The concept of woman being assured of their place in the world, while man are co-dependent is a muddled message. All About My Mother is seen as giving female characters a focus, agency, and depth that is typically reserved to male counterparts which is why it is possible to consider that the characters function as an opposite or mirrored version which is not the case. The subversion of female to male roles is in the outside the film and screenplay not the characters themselves. While the females of All About My Mother is given the attention that a male lead is given, but they do not act as a surrogate for how a male lead would act in replacement. Manuela and the other women of the film act in a way to spread a sense of motherly love and demonstrate the sacrifice of a motherly figure. Manuela’s compassion and acceptance towards other reflects maternal love and caring and could be seen as a nurturing spirit that guides other onto the right path. Also, that by giving that love and healing to others, Manuela the mother can find self-gratification in her own identity. Manuela is asked if she paid her dues to be who she identifies as, and this journey laid out by the film could be her earning her role as a mother.

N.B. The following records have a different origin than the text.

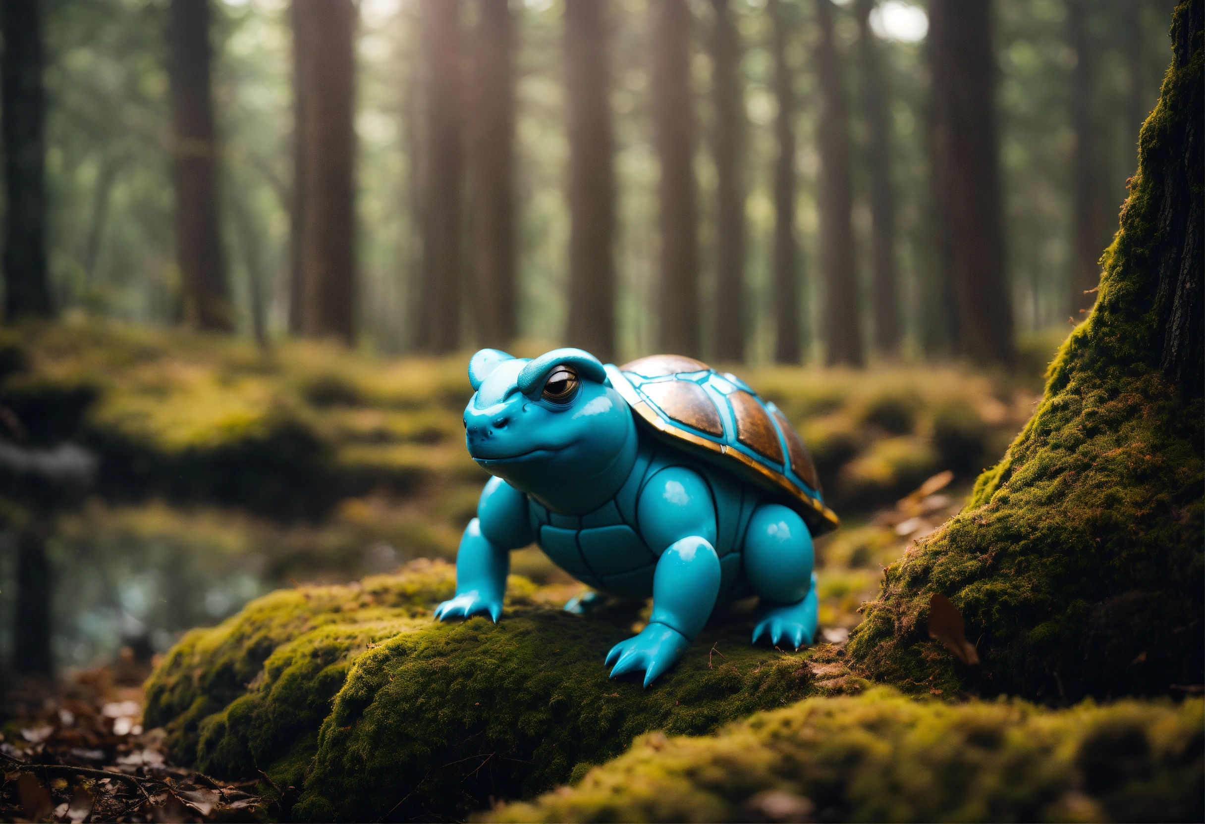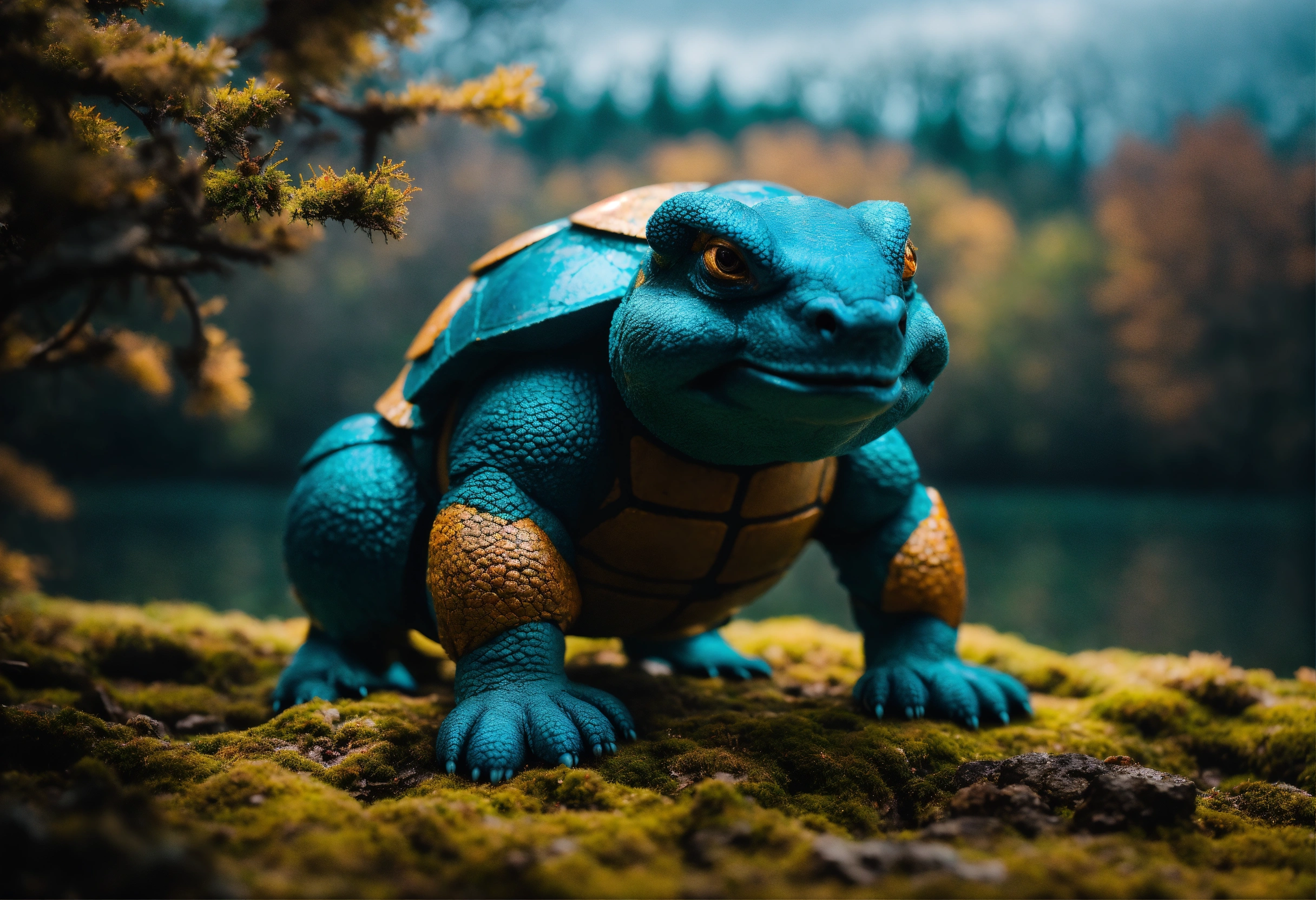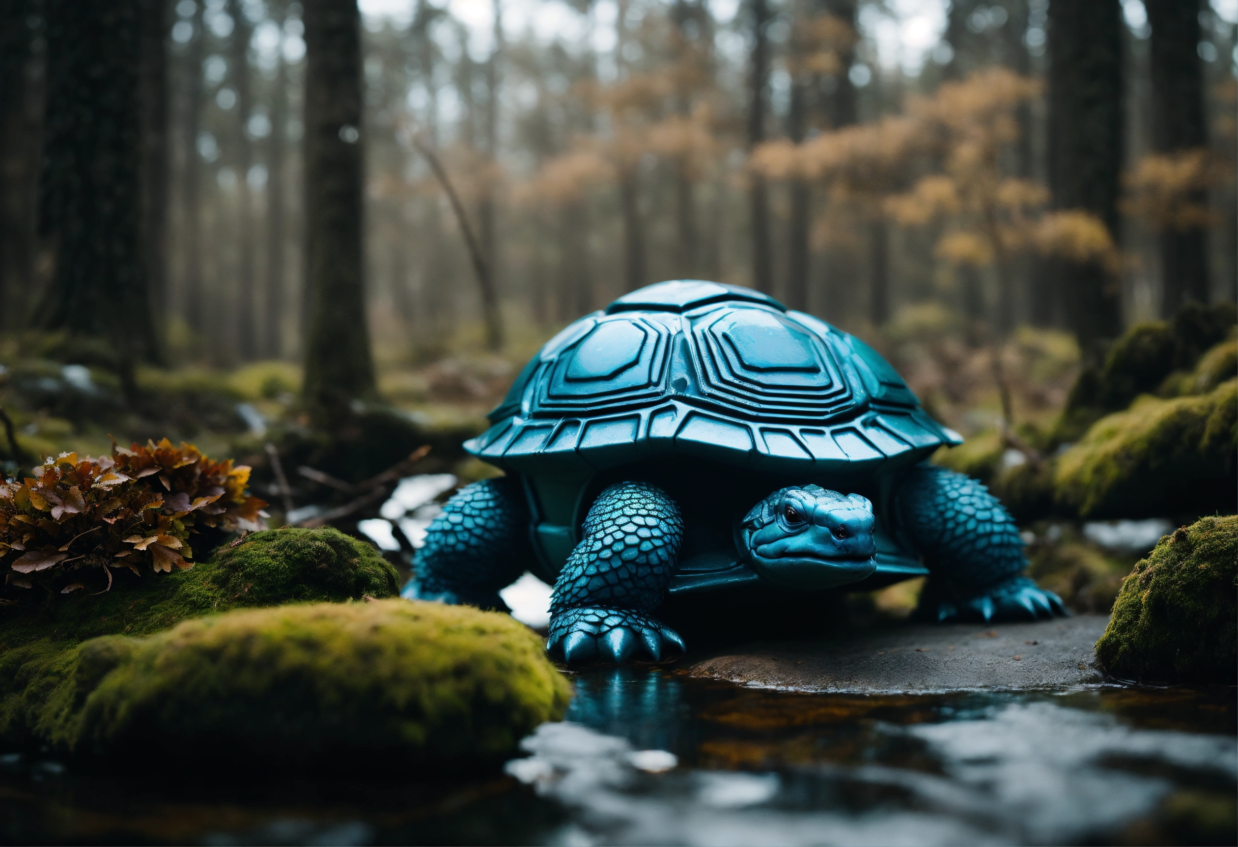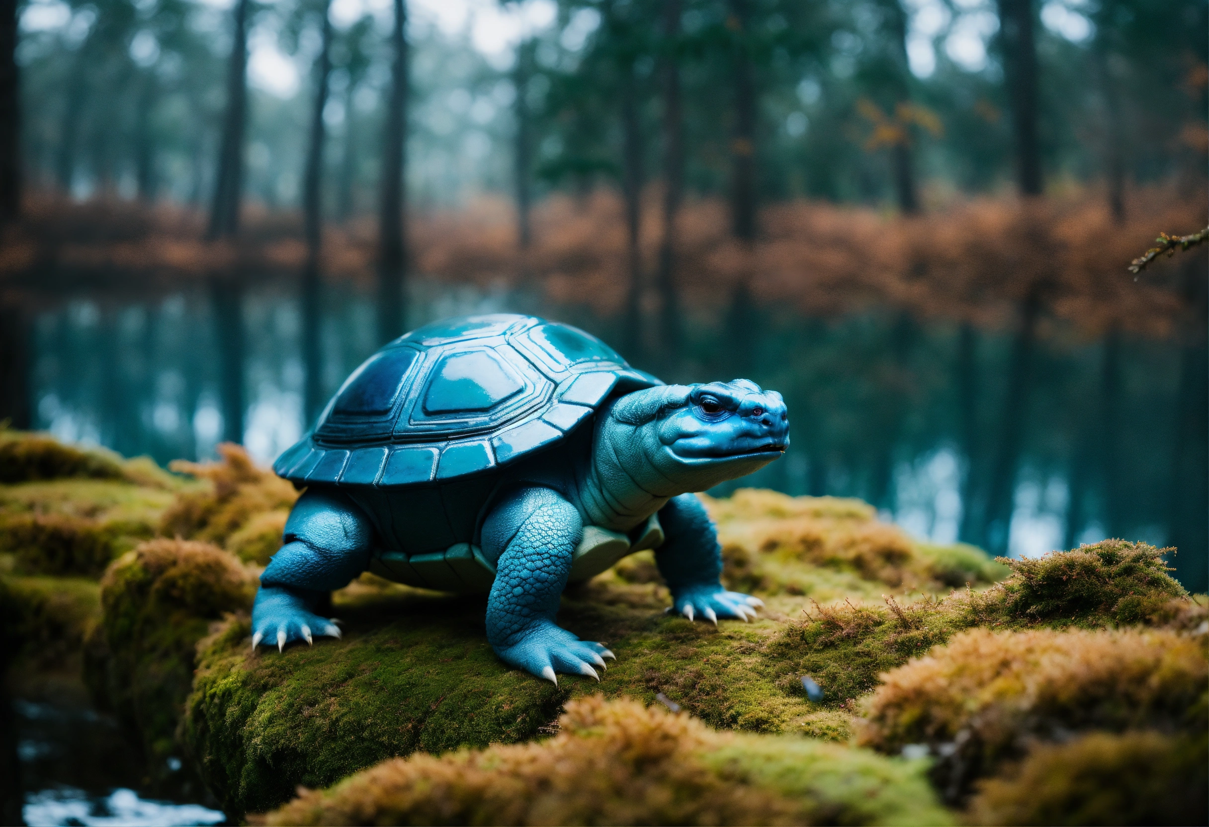Minimal, cinematic, a realistic blastoise animal among the trees, forest lake, moss, cold weather, dark teal and amber, sony a7 iv
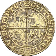 A l'avers (enfin du seul côté ou l'on voit qq chose), on peut voir 4 zones avec 3 fleurs de lys en haut à gauche et en bas à droite.
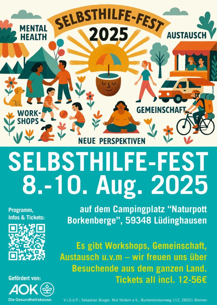 Die Krankenkassen AOK und Barmer finanzieren aller Voraussicht 2026 eine Re-Konzeptionierung des ersten Selbsthilfe-Fest 2025 und eine weitere Durchführung als Selbsthilfe-Fest 2027. Näheres folgt an dieser Stellen bis Spätsommer 2026. Wir gehen momentan davon aus, dass es 2027 wieder im Sommer so zentral wie möglich (NRW, Hessen, Thüringen!?) stattfinden und für 200-300 Leute ausgelegt sein wird. Wer Infos dazu zugeschickt bekommen möchte, kann sich gerne schon auf eine E-Mail-Liste für diesen Zweck setzen lassen:
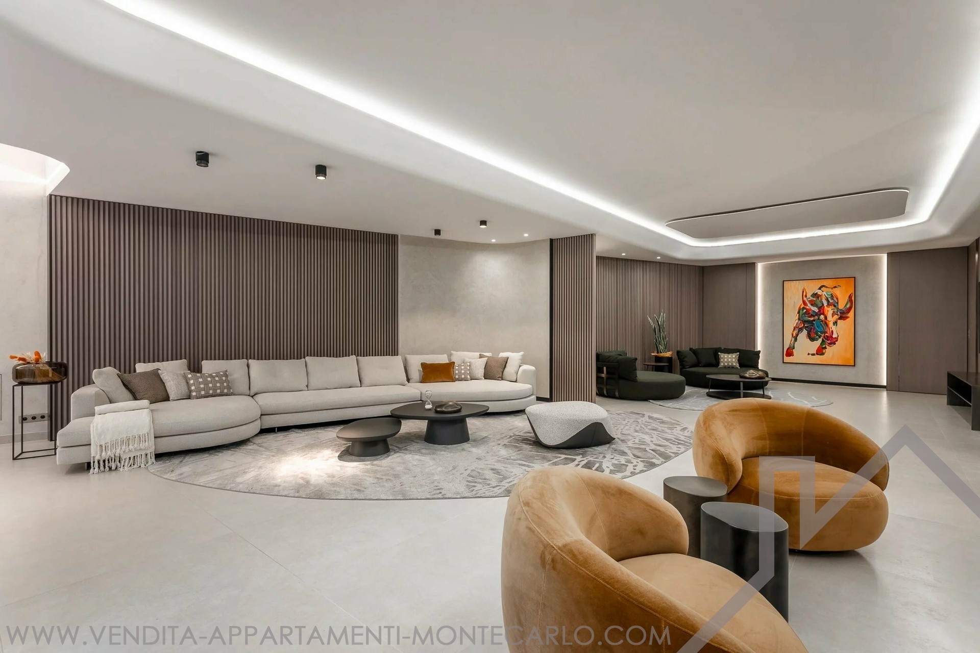 Piano terra: un triplo salone da sogno di circa 300 m², una moderna cucina a pianta aperta, una sala da pranzo e una zona relax con camino, una grande sala TV e una sala fitness.

I do completely agree with your final point that the ending serves as a closing chapter in Manuela’s life. A Streetcar Named Desire is used to reference the ability to escape and move on from certain stages of life; All About Eve is brought up to highlight the idea of identity and replacement. All About My Mother is one cycle in Manuela’s life in which she identified as a grieving mother and a wanderer. If Fanny and Alexander is any indicator the life Manuela had before and after the events of the film equally pertinent to her life story but there is something impalpable about the importance of a warmly motherly spirit.

References/ Work Cited

Image and film discussed is: All About My Mother. (1999). Film. Sony Pictures Classic.